Clarice Herzog, veuve de Vladimir Herzog. Janvier 2016 (Carlos Ebert, Wikipédia)

La mort de Herzog a déclenché une vague de protestations, renforcé l’opposition à la dictature militaire au Brésil, déclenché une tempête dans la presse internationale et galvanisé le mouvement des droits de l’homme en Amérique latine.

Le faux récit du meurtre d’Herzog et la tentative d’en faire un suicide ont fait rage dans tout le pays. C’était si répandu que même le président de la république de l’époque, le général Ernesto Geisel, a affirmé qu’Herzog avait été tué par des gens qu’il appelait des « criminels ».


Dans un premier temps, Geisel a limogé Ednardo D’Avila Melo, le général d’extrême droite qui était à l’origine de ce qui s’était passé.


Trois ans après la mort d’Herzog, sa veuve Clarice a remporté un procès civil qu’elle a intenté contre le gouvernement. Le tribunal fédéral a confirmé que sa mort était illégale et a décidé que sa famille avait droit à une indemnisation.

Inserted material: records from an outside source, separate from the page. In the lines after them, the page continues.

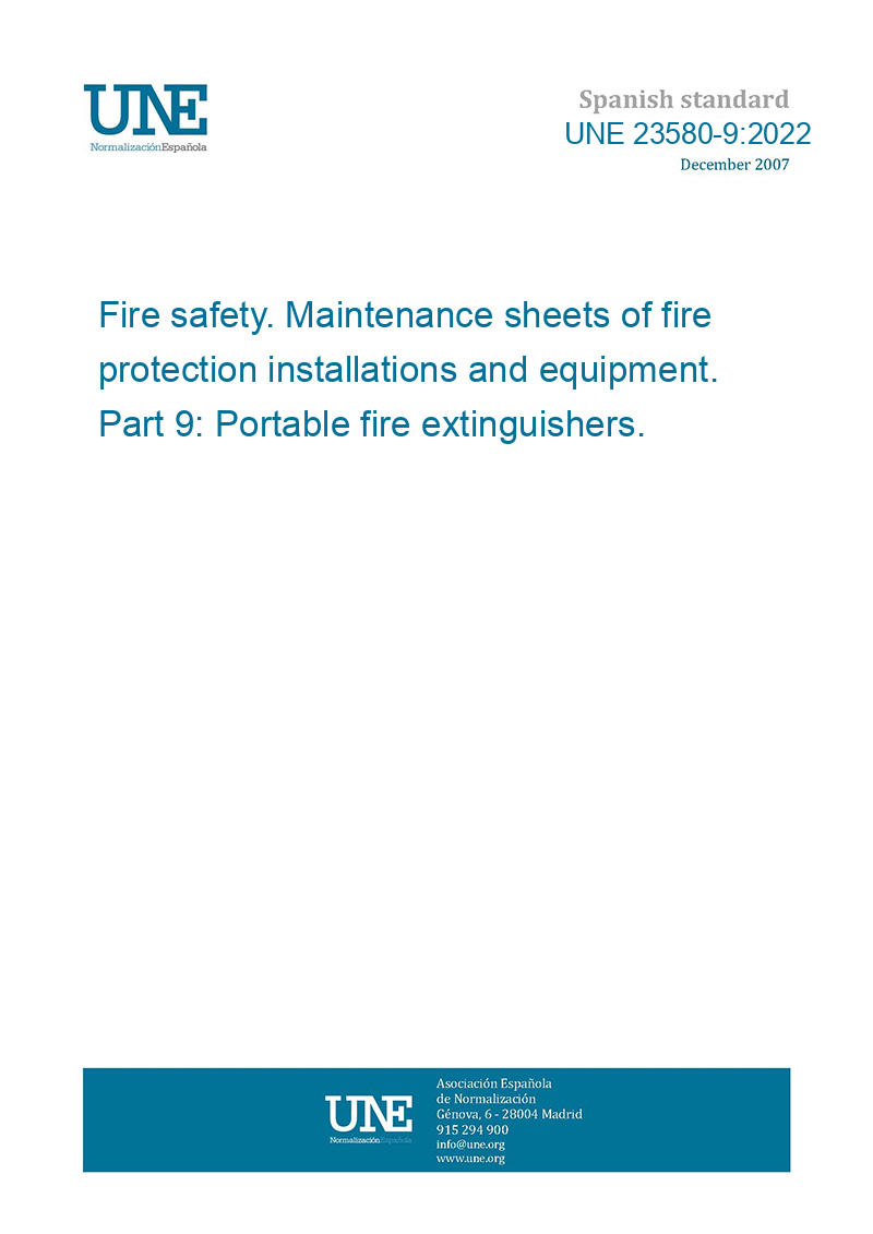 This standard UNE 23580-9:2022 Fire safety. Maintenance sheets of fire protection installations and equipment. Part 9: Portable fire extinguishers. is classified in these ICS categories:
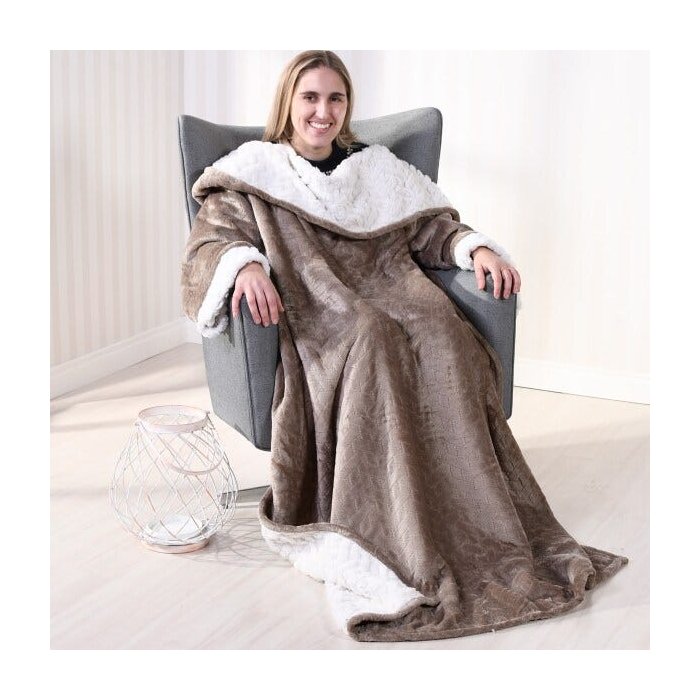 Manta Tv Com Mangas 1,35M X 1,70M Dupla Face Toque Flannel + Sherpa Lã De Carneiro Marrom Shitake -
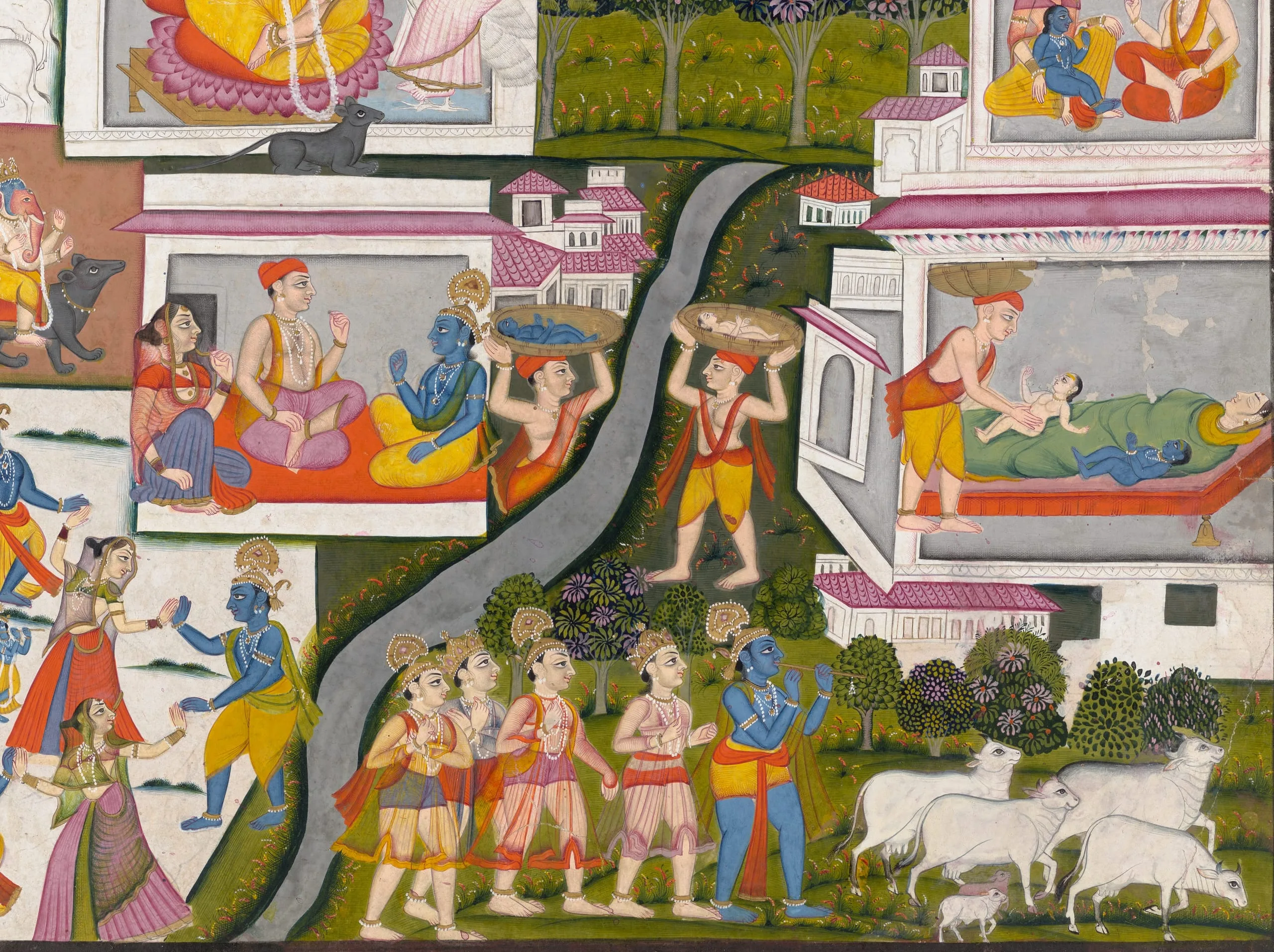 This multi-vignette illustration depicts several episodes from the life of Krishna, including the exchange of baby Krishna for Yashoda’s daughter by Krishna’s father Vasudeva fording the Yamuna River (center and right), Krishna fluting with the cowherds (gopas) in Vrindavan (lower right), Krishna's Dance of Delight (Rasa Lila) (lower center), and Krishna enthroned with Radha (upper left). The visual invocatory deities, the elephant-headed Ganesha and Sarasvati riding her swan mount, are in conversation in a pavilion (upper center). On the left area the four-headed Brahma seated on a lotus and an ascetic listening to a musician in a landscape.

Herzog, qui est devenu un symbole de la lutte pour la démocratie au Brésil, a été commémoré de plusieurs façons.

La rue de Sao Paulo qui abrite le réseau de télévision où il travaillait porte son nom et l’Institut Vladimir Herzog a été fondé en 2009. Son objectif est de préserver les informations et les documents le concernant, de promouvoir le statut des journalistes et de décerner le Vladimir Herzog. Prix ​​aux journalistes et militants des droits de l’homme.

En 2012, 37 ans après son meurtre, un nouveau certificat de décès a été délivré pour Vladimir Herzog. Il cite qu’il est mort « en raison de tortures physiques dans les installations du Centre des opérations de sécurité intérieure de l’armée de Sao Paulo ». Malgré le retard considérable, justice a été rendue.